I was reading an interesting piece in CIO regarding things a CEO needs to know about securing the Internet of Things (IoT).
With the advent of things which may be networked in the home and business there are risks to take into account for each and every one of us.
Endpoints are subject to exploit on networks operated by the uninitiated and the IoT initiatives are starting to proliferate in businesses with what is becoming a "a new, massive and complex expansion of the security landscape".
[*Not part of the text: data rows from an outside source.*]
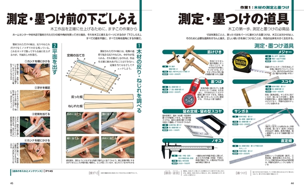 木工に欠かせない寸法の測定と、寸法を各パーツに書き入れる墨つけ作業。そのために必要な道具や正しい使い方を紹介。その後の切断、加工、接合といった完成までのプロセスを写真入りで解説します。
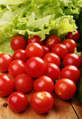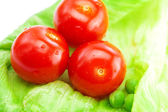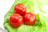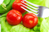 pomidor, groszek i sałata na płytce na białym tle
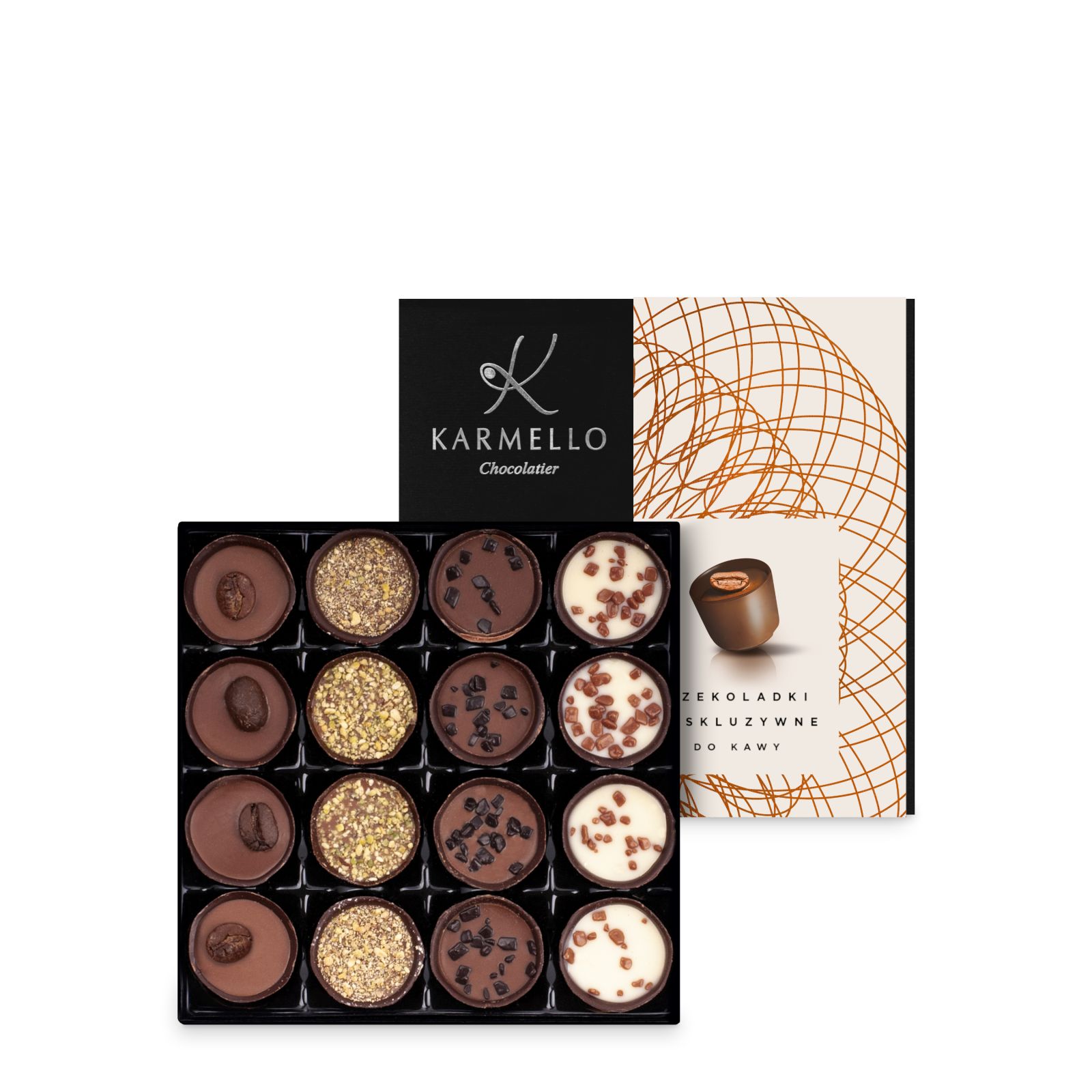 Pobudzające aromaty arabiki i robusty zamknięte w czekoladowych kubeczkach od Karmello, to nasza wariacja na temat kawy w czterech smakowych propozycjach. Kompozycja doskonała jako dodatek do upominku dla współpracowników lub klientów biznesowych.
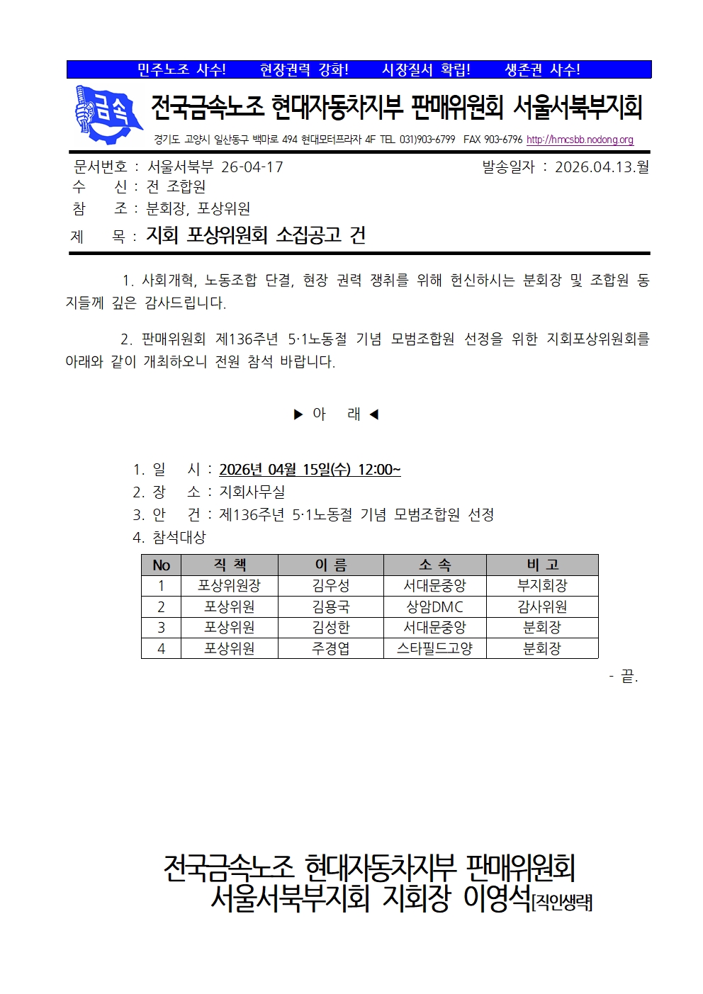 ¼¿ï¼ºÏºÎ 26-04-17 Áöȸ Æ÷»óÀ§¿øÈ¸ ¼ÒÁý °ø°í °Ç.hwp (290.0K)
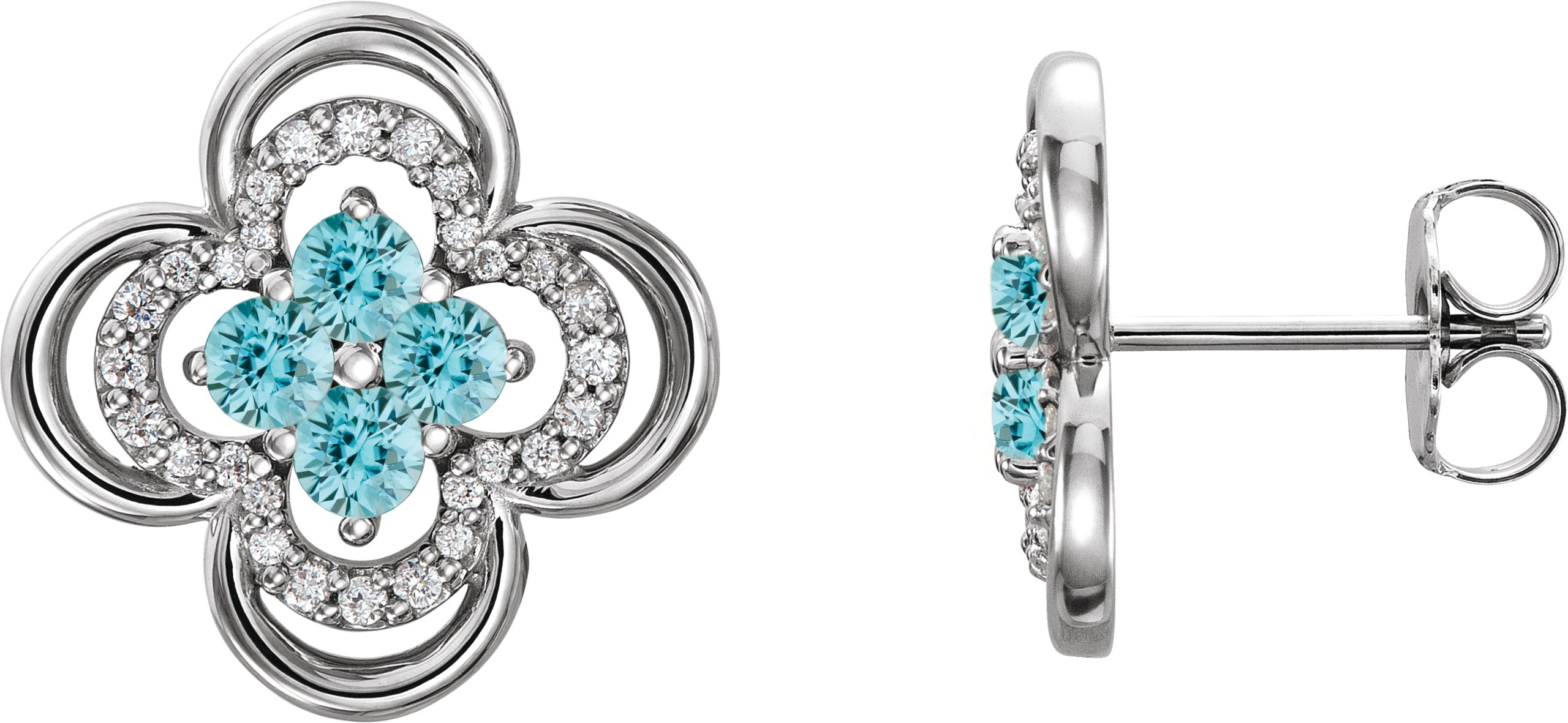Platinum Blue Zircon & 1/5 CTW Diamond Clover Earrings
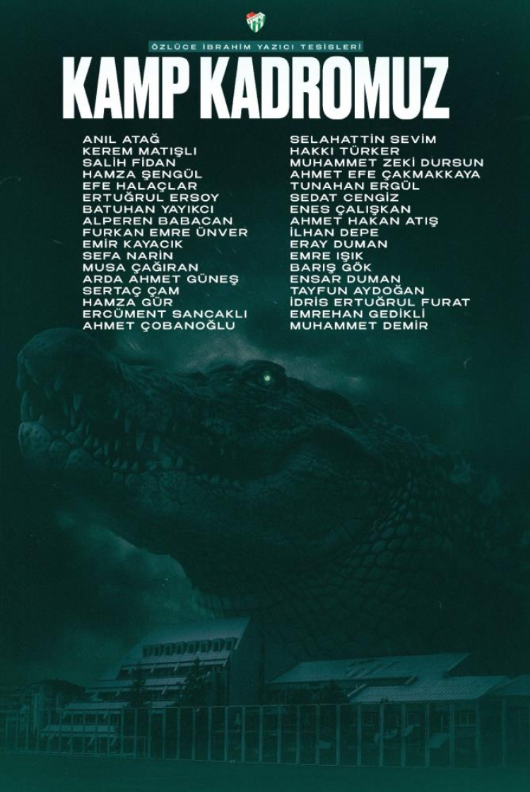 Bursaspor Kulübü'nün, Özlüce'de başlayacak sezon hazırlıkları için 33 kişilik kamp kadrosu açıklandı.
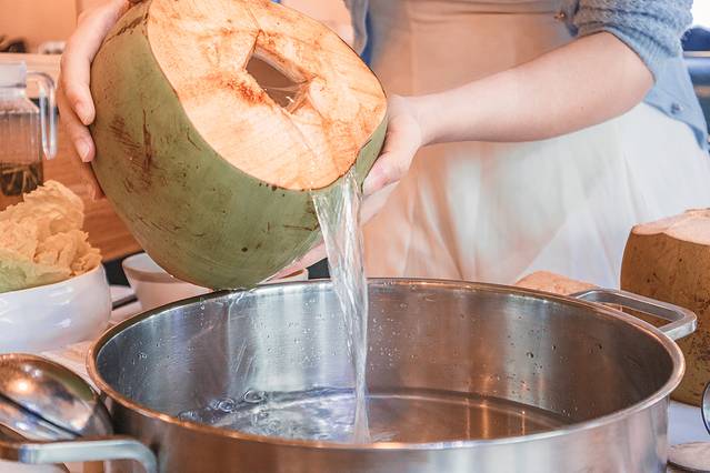 自己将3个椰子的椰子水倒入锅中,感觉还特别的有仪式感
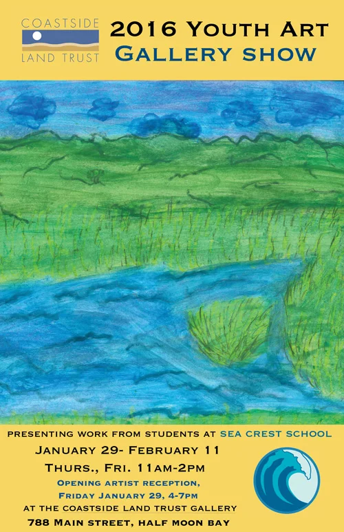 Please join us on Friday, January 29th from 4-7 pm for our Winter Youth Art Show Opening and Artists' Reception. Coastside Land Trust has partnered with Sea Crest School to showcase a wonderfully diverse collection of beautiful, inspiring, humorous and intriguing pieces created by K-5th students. From serene coastal landscapes to pop-art portraits of wildlife, this show highlights the many different techniques and themes that Sea Crest School students have been exploring over the past fall and winter. Please join us for light refreshments and to view their work. The show will run from January 29 – February 11, regular gallery hours are Thursday and Friday 11am-2pm. The gallery is located at 788 Main Street, HMB.
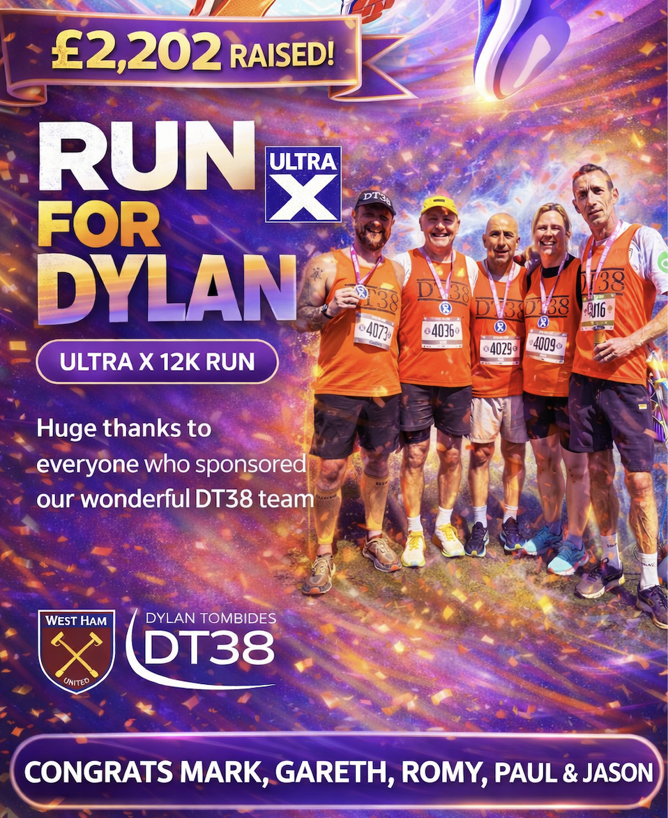 As Vice- Chairman of West Ham United Football Club, I am very proud that Dylan wore our famous Claret and Blue. My board and I cherish the longstanding relationship with his wonderful family and namesake charity, DT38. DT38 is a principal charity of West Ham United Football Club and we will continue to support DT38 in proving testicular cancer awareness through education and opportunities.

Security Planning and Monitoring
Service providers are that direct link to allowing your devices to go rogue on you. My personal feelings toward the entire matter is to maintain any IoT infrastructure behind a firewall requiring encrypted authenticated access.
Anything less is asking for trouble.
Cloud solutions should be redundant with no one service providing the only access to any infrastructure. Service disruptions are a fact of life and some more likely than others. Exploit attempts happen 24/7 and range from trivial to devastating. This is why I maintain a router which detects exploit attempts and discards those packets after logging them.
Good Netizenship
The monitoring of traffic, network intrusion detection and prevention, and that oversight which enables you to thwart IoT exploits are not typically built into those IoT peripherals. Your management of these facets of network ops typically require that those hooks are embedded in the security layer traffic must traverse to get to the IoT devices on your network.
So as you can see, a layered approach is most feasible in the never ending pursuit of network security at the home or the office. While I manage these things with routing and firewall equipment expressly designed for these purposes, a person with adequate utilities can fit the bill quite nicely and indeed nothing beats a close tab on the logs generated by the systems at your disposal for the presence of that exploit or virus payload trying to find it's way into your network and devices.